PROBLEM STATEMENT -
Within the entries below, please retype exactly the lines starting with the line that has "and tubulin (Red)." and going on through the line that has "ที่โรงเรียนบ้านไผ่สีทอง ต.องค์พระ อ.ด่านช้าง", but not the pictures.

DATA IN THIS EXERCISE -
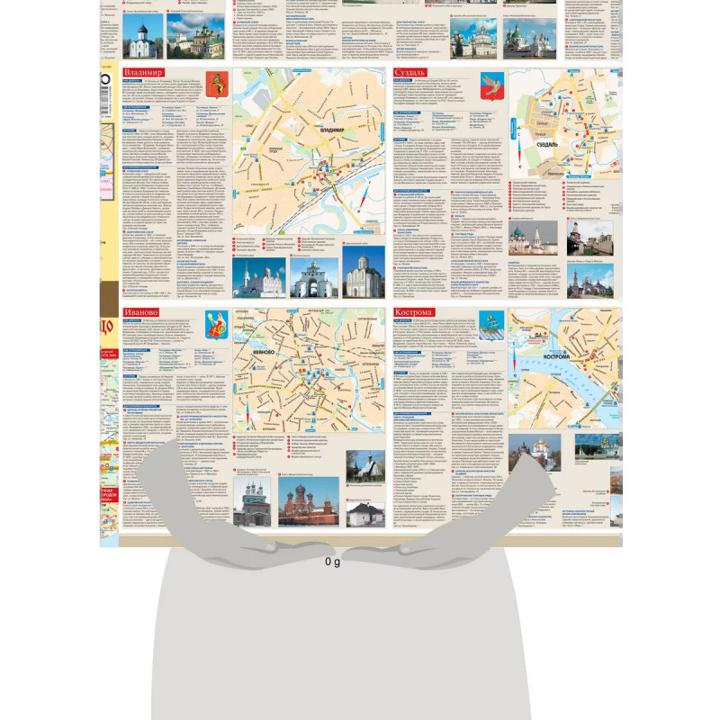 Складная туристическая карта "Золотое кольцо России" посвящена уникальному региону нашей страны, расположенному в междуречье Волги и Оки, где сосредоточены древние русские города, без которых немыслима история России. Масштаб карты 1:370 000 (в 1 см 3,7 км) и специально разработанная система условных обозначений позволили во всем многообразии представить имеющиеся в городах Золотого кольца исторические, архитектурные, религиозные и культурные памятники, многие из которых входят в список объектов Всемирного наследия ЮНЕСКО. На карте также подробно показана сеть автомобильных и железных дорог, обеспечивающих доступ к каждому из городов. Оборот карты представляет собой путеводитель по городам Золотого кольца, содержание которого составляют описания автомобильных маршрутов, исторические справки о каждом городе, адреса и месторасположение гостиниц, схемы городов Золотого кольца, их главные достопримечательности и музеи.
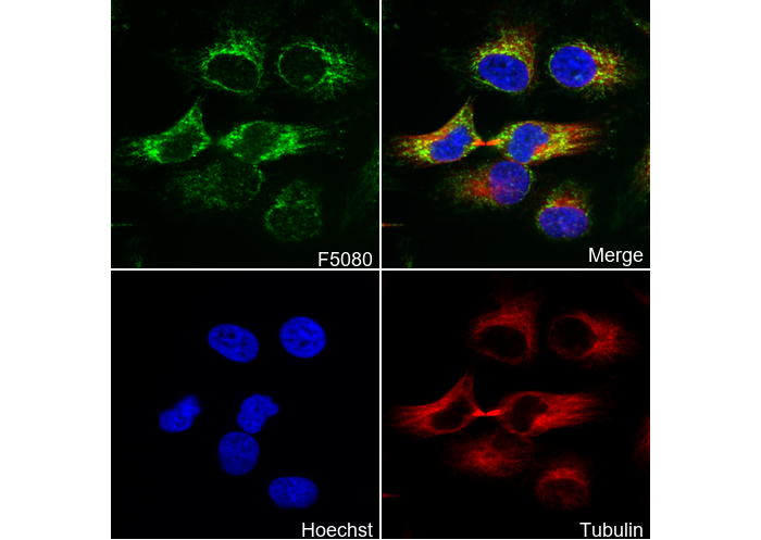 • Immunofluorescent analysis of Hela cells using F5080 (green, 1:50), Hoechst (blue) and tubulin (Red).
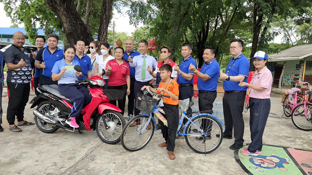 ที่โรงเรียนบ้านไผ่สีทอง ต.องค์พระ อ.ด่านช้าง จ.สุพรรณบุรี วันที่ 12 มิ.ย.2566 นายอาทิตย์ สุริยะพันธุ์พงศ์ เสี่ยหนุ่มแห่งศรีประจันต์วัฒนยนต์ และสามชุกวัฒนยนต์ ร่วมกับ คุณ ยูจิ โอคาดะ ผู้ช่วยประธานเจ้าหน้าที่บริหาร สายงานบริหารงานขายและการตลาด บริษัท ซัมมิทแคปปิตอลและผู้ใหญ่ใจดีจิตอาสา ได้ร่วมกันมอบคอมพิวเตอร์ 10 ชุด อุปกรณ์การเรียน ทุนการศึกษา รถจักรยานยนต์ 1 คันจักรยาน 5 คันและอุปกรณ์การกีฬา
* * *
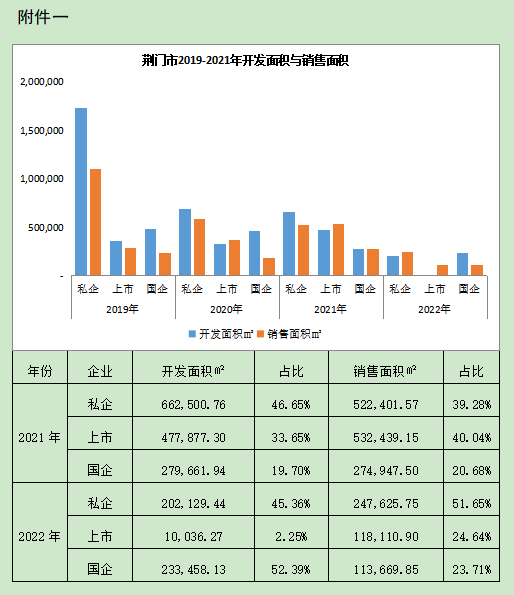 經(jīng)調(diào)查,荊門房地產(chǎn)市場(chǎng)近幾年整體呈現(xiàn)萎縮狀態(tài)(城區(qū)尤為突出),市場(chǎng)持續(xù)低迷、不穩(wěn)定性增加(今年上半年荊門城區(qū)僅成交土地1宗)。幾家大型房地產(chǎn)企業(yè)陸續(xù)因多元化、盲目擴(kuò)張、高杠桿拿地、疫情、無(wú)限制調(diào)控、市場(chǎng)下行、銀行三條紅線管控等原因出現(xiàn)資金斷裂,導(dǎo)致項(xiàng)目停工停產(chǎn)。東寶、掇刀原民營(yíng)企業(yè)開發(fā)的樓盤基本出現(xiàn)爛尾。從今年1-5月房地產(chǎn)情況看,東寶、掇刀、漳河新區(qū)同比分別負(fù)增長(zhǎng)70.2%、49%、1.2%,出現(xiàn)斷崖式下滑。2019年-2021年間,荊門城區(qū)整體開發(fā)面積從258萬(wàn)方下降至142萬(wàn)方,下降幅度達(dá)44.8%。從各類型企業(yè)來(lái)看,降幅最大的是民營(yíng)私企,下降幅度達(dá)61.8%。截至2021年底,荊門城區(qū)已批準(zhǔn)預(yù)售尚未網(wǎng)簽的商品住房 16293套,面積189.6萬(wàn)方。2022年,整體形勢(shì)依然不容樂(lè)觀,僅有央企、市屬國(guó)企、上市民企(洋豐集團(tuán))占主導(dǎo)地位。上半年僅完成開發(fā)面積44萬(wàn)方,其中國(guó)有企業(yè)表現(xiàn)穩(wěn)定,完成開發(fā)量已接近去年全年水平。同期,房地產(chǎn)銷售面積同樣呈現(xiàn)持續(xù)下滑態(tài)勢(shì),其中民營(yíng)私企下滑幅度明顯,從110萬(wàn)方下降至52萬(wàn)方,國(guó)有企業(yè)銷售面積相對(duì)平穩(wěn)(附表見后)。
==
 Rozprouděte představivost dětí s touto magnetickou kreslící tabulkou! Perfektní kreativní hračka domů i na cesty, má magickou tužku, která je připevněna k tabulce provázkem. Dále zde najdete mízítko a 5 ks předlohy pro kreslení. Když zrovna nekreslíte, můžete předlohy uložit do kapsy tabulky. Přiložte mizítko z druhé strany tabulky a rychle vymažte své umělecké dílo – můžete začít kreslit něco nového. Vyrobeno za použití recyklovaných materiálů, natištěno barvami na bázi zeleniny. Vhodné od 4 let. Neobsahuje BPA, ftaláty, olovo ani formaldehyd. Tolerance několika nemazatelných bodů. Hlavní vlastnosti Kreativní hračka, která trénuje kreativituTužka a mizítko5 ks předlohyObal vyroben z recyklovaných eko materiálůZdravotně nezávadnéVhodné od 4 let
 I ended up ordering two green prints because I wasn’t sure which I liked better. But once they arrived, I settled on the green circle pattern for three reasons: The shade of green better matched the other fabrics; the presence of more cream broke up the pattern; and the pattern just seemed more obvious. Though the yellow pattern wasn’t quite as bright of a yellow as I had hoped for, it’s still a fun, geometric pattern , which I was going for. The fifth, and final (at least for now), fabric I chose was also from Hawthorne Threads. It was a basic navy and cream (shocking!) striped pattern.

TASK ANSWER -
 • Immunofluorescent analysis of Hela cells using F5080 (green, 1:50), Hoechst (blue) and tubulin (Red).
 ที่โรงเรียนบ้านไผ่สีทอง ต.องค์พระ อ.ด่านช้าง จ.สุพรรณบุรี วันที่ 12 มิ.ย.2566 นายอาทิตย์ สุริยะพันธุ์พงศ์ เสี่ยหนุ่มแห่งศรีประจันต์วัฒนยนต์ และสามชุกวัฒนยนต์ ร่วมกับ คุณ ยูจิ โอคาดะ ผู้ช่วยประธานเจ้าหน้าที่บริหาร สายงานบริหารงานขายและการตลาด บริษัท ซัมมิทแคปปิตอลและผู้ใหญ่ใจดีจิตอาสา ได้ร่วมกันมอบคอมพิวเตอร์ 10 ชุด อุปกรณ์การเรียน ทุนการศึกษา รถจักรยานยนต์ 1 คันจักรยาน 5 คันและอุปกรณ์การกีฬา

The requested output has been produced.